Republican National Committee strategy memo: Obama can’t win Florida

SHARE Republican National Committee strategy memo: Obama can’t win Florida
SHARE Republican National Committee strategy memo: Obama can’t win Florida

below, from the Republican National Committee…..


To: Interested Parties

From: Rick Wiley, RNC Political Director

RE: Obama’s Rainy Day

Date: January 31, 2012

It’s hard to imagine Florida not being the most contested prize along the path to 270 this year. Their 29 Electoral Vote haul is by far the largest among the states in play. The prototypical battleground state has given their Electoral Votes to the eventual winner of nine of the last ten presidential elections. And with so many other battleground states in the toss-up column this year, President Obama’s chances of winning reelection would amount to a four-cushion bank shot if he comes up short in the Sunshine State.

Unfortunately for Obama, Florida isn’t a walk in the park under any circumstances. Each of the last five presidential elections in Florida has been decided by 5 points or less, and three times by 3 points or less.

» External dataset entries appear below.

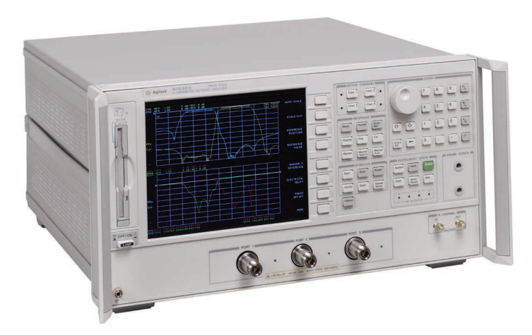
8753ES option H39/006

During design and final alignment of duplexers, it is often necessary to see both the transmit-antenna and antennareceive paths together, since tuning the response of one path frequently affects the response of the other path. With an Agilent duplexer test solution both paths can be displayed simultaneously, with a single RF connection to each port. Since design verification and final test and alignment have different requirements, Agilent offers solutions with each in mind.
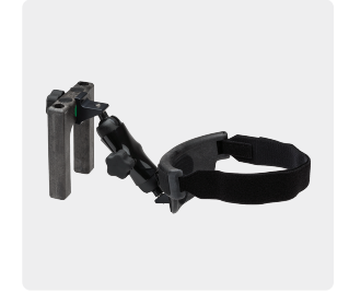
UHP w/out Harness
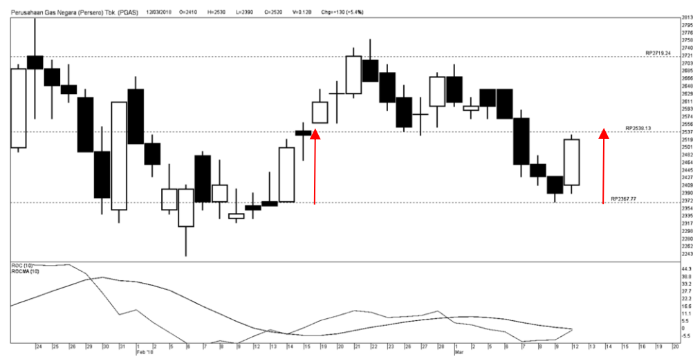
Kinerja saham PGAS

Danareksa research report are also available at Reuters Multex and First Call Direct and Bloomberg
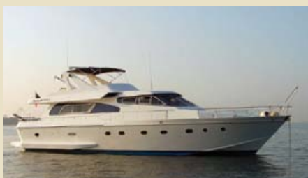
CELESTIAL Navarcantieri P 21 S 22.60 m 1997 8 guests 490,000 €
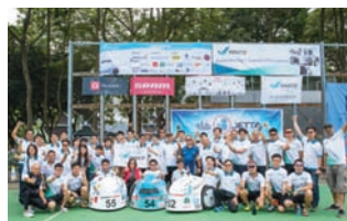
Sponsors the 31st Annual Hong Kong 24 Hour Pedal Kart Grand Prix 贊助「第三十一屆香港24小時慈 善腳踏車格蘭披治大賽」
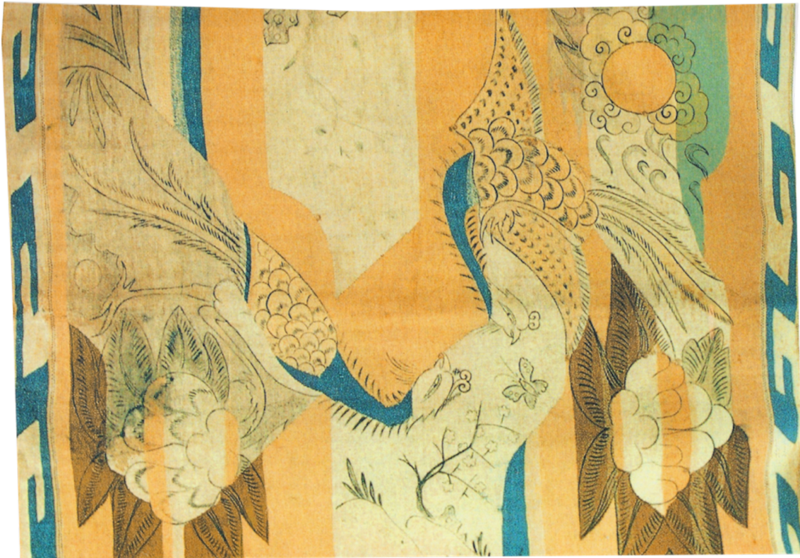
Figure 2. Ink Painted Wool Tapestry Mantle, Northwest China Yuan-Ming Dynasty. Permission: Gion Matsuri Yamaboko Rengokai. Image by Yuge Sei. 158 x 85 cm.

The peacock image, usually shown in pairs, appears in a variety of formats. Other Manichaean images, including branches of The Tree of Life, and also the Sun, perceived as a Deity by Manichaeans, are prominent. Peonies, implying abundance, surrounding the sun, are included to appeal to the Mongols, rulers of China during this period, who favored this image. The Sun Deity is surrounded by a Manichaean motif known in China as The Curly Grass Motif. This motif is seen on Monguor tapestries, on costume, on architecture, and on carpets. The apricot colored ground, characteristic of most of the tapestries, was originally the bright red-orange obtained from safflower dye. Tapestry weave with single dovetailing was employed to create the mantles (the adjacent colors of weft yarns turn on a single warp). Curvilinear forms resulted from the insertion of extra wefts, a technique called “eccentric weave.” Details and outlines were added with pen and black ink painted directly on the wool surface.

The 537 vote margin of victory for George W. Bush in 2000 was among the closest in modern presidential history (only New Mexico in 2000 and Hawaii in 1960 have been decided by fewer votes). The president himself garnered only 51% of the vote in his 2008 victory over John McCain. He therefore has precious few votes to lose, and there are more than enough opportunities for him to lose them.

The challenge of winning in Florida is the diversity of its electorate. Florida was among the fastest growing states between the last two censuses, ranking 2nd in total population growth, and 8th in rate of growth. Florida ranks 1st in the nation in the percentage of the electorate over the age of 65. Florida has the 2nd largest Jewish population in the nation. Florida has the 3rd largest Hispanic population, and ranks 6th among states with the highest Hispanic percentage of population. Florida’s Hispanic population itself is diverse, with the largest Cuban and second largest Puerto Rican populations in the country. This diversity presents a mixed-bag of challenges for the president, and any of these challenges can jeopardize his chances.

While the state population is growing, the Democrat Party’s advantage in partisan registration is shrinking. The Democrat share of overall registration has declined in each of the last 26 months, and since the 2008 election, the Democrat registration advantage has dropped by almost 30% from nearly 700,000 to fewer than 500,000 today.

With the highest voter-participation rate among all age groups, Florida’s over-65 population is right now one of the weakest demographic groups for Obama. The most recent Quinnipiac survey shows a 38% job approval rating for the president among voters over 65.

After three years of a bumbling foreign policy toward Israel and several embarrassing statements made about Israel by his administration, Jewish voters are second-guessing their support of the president in the last election. As a “core” Democrat constituency, Jewish voters are important to Obama’s fundraising and activist base, as well as his electoral coalition.

Florida’s Hispanic voters have been unimpressed by the president. Resurgent Republic’s recent survey of Florida Hispanics showed the president running 11 points behind his 2008 performance. In addition, 56% of Florida’s Hispanic voters said Obama has been a weaker than expected leader, and 60% said his campaign promises remain unfulfilled. Nearly two-thirds (63%) of Cuban voters said it is time to give someone else a chance.

Adding insult to injury, Independent voters, who represent the fastest growing partisan group in Florida, also aren’t buying what Obama is selling. Only 39% of “no-party” voters said they approve of the job Obama is doing in a January Suffolk University poll.

The most important change in Florida on Obama’s watch, however, has been the disproportionately high toll the nation’s weak economy has taken. Job loss has hit Florida harder than most states, especially among Hispanic voters and younger voters. Foreclosures are up, property values are down, and barely a quarter of Florida voters think the country is headed in the right direction. The president has to explain to Floridians why he’s placed a higher priority on campaigning than on fixing the economy.

Standing in Obama’s way in Florida is a rejuvenated Republican Party. Higher enthusiasm among Republican voters and strong support from Independents resulted in big wins for Republicans in 2010, including sending one of the GOP’s fastest-rising stars, Senator Marco Rubio, to Washington. Higher enthusiasm among Republicans continues to be the norm, with 51% of Republicans surveyed by Quinnipiac this month saying they are more enthusiastic about the upcoming election than they were four years ago (and for their part, only 33% of Democrats said they were more enthusiastic). Turnout in this week’s GOP Presidential Preference Primary is expected to be record-setting, and Tampa will host the Republican National Convention later this year.

Close elections are about momentum, and the momentum in Florida is moving in the direction of the Republican Party right now. In spite of its nickname, the Sunshine State looks awfully cloudy for Obama, and may very well rain on his parade in November.